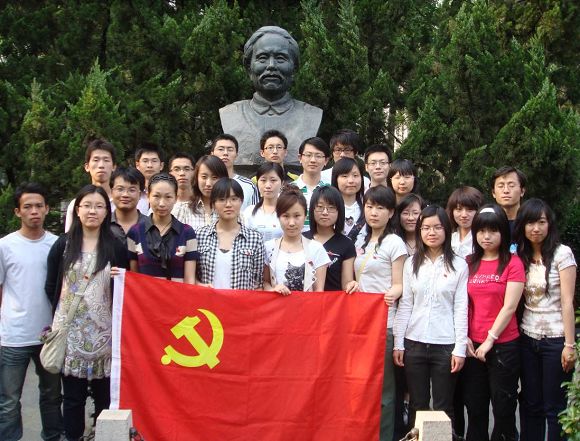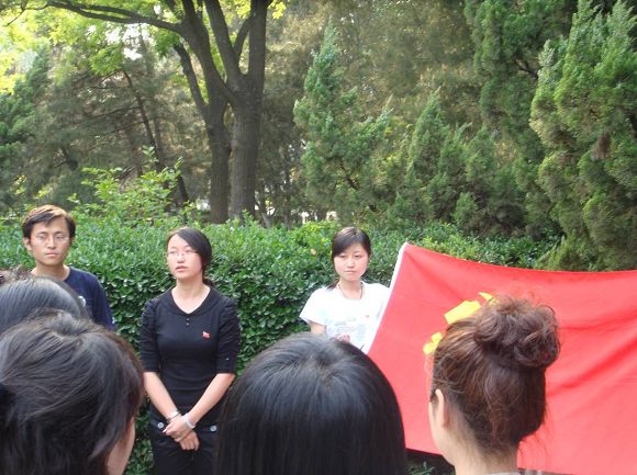 今年距離1919年的“五四運動”,剛好是90周年。90年前,“五四運動”代表著中國先進(jìn)分子的覺醒,是中國舊民主主義革命的結(jié)束和新民主主義革命的開端,中國革命從此進(jìn)入了一個新的歷史時期。2009年5月4日下午,在北京理工大學(xué)中心花園的徐特立老師銅像前,管理與經(jīng)濟學(xué)院2005級本科生第一、第二和第三黨支部,聯(lián)合組織了新黨員的宣誓儀式。學(xué)院老師彭明雪、以及三個支部的正式黨員和預(yù)備黨員共32人出席了活動。
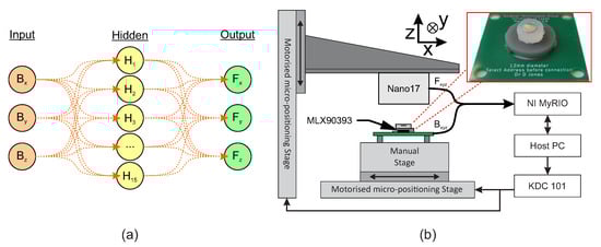 (a) Structure of the two-layer neural network used in the calibration; and (b) The multi-axis loading test setup , indicating two of the three linear stages used in the calibration. A third stage acts into the plane of the diagram to provide y-axis movement. A real-time measurement device is used to record magnetic field, applied force, and encoded position of the indentor. Inset: The prototype sensor used in calibration with 4 mm magnet embedded.
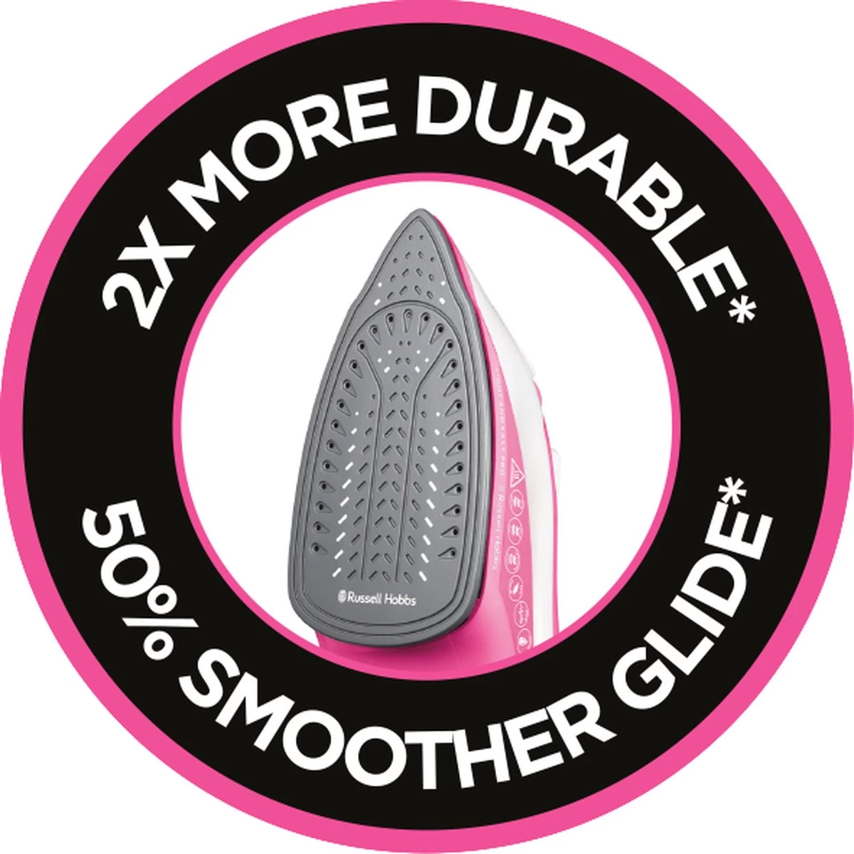 De verbeterde strijkzool glijdt 50% soepeler*, blijft niet plakken en is 2x zo duurzaam*.
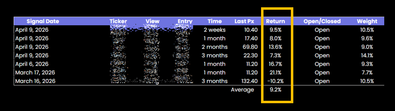 New Signals: Two of the four ideas below carry a 90% historical probability of positive returns, with average gains of 20–25% in under a month. Our systematic framework continuously scans the data, matching current setups against historical patterns to surface exactly these opportunities. The odds are compelling. Here's what they look like.
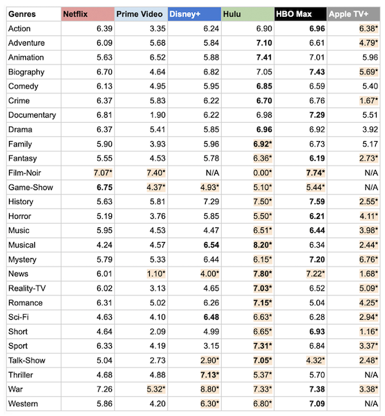 \u201eApple TVPlus has put most of its effort into dramas (47) but only averages 3.9 IMDb score per show.\u201c
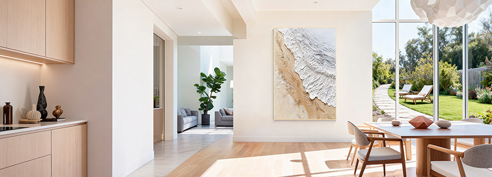 Learn how Wabi-Sabi art complements Japandi interiors. Discover how textured, natural, and imperfect wall art creates calm and modern living spaces.
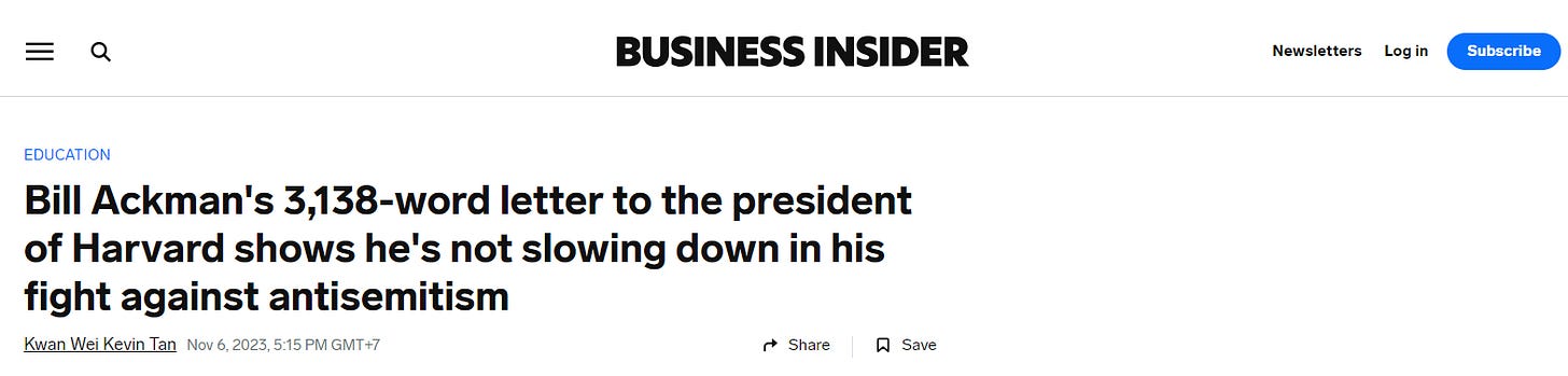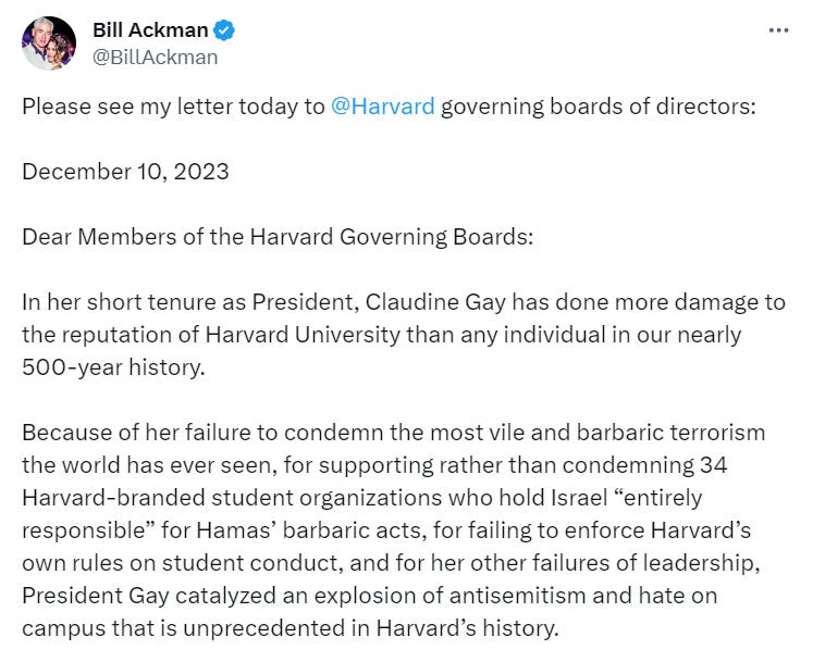 Ngày 2023/10/7: khi xung đột giữa Hamas và Israel nổ ra, ông Ackman - với tư cách là cựu sinh viên Harvard và là người Do Thái - đã viết một bức thư dài 3,138 từ cho bà Claudine Gay - khi đó đang là Hiệu trưởng Harvard - để kêu gọi bà kỷ luật và đình chỉ học những sinh viên tham gia các hoạt động bài Do Thái trong khuôn viên trường.
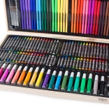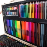 Celovit likovni set v elegantnem lesenem kovčku za otroke in odrasle ponuja do 180 delov za risanje in slikanje. Zahvaljujoč praktičnemu kovčku z ročajem imate vse pregledno na enem mestu in preprosto prenosljivo. Idealno za razvoj kreativnosti, vadbo različnih tehnik in neskončno ustvarjanje doma, v šoli in na poti.

────────

# Your goal:
Please, without any pictures, write out exactly the lines of the listing from its first line through the line that holds "De verbeterde strijkzool", ends included, and nothing beyond them.

# Result:
 今年距離1919年的“五四運動”,剛好是90周年。90年前,“五四運動”代表著中國先進(jìn)分子的覺醒,是中國舊民主主義革命的結(jié)束和新民主主義革命的開端,中國革命從此進(jìn)入了一個新的歷史時期。2009年5月4日下午,在北京理工大學(xué)中心花園的徐特立老師銅像前,管理與經(jīng)濟學(xué)院2005級本科生第一、第二和第三黨支部,聯(lián)合組織了新黨員的宣誓儀式。學(xué)院老師彭明雪、以及三個支部的正式黨員和預(yù)備黨員共32人出席了活動。
 (a) Structure of the two-layer neural network used in the calibration; and (b) The multi-axis loading test setup , indicating two of the three linear stages used in the calibration. A third stage acts into the plane of the diagram to provide y-axis movement. A real-time measurement device is used to record magnetic field, applied force, and encoded position of the indentor. Inset: The prototype sensor used in calibration with 4 mm magnet embedded.
 De verbeterde strijkzool glijdt 50% soepeler*, blijft niet plakken en is 2x zo duurzaam*.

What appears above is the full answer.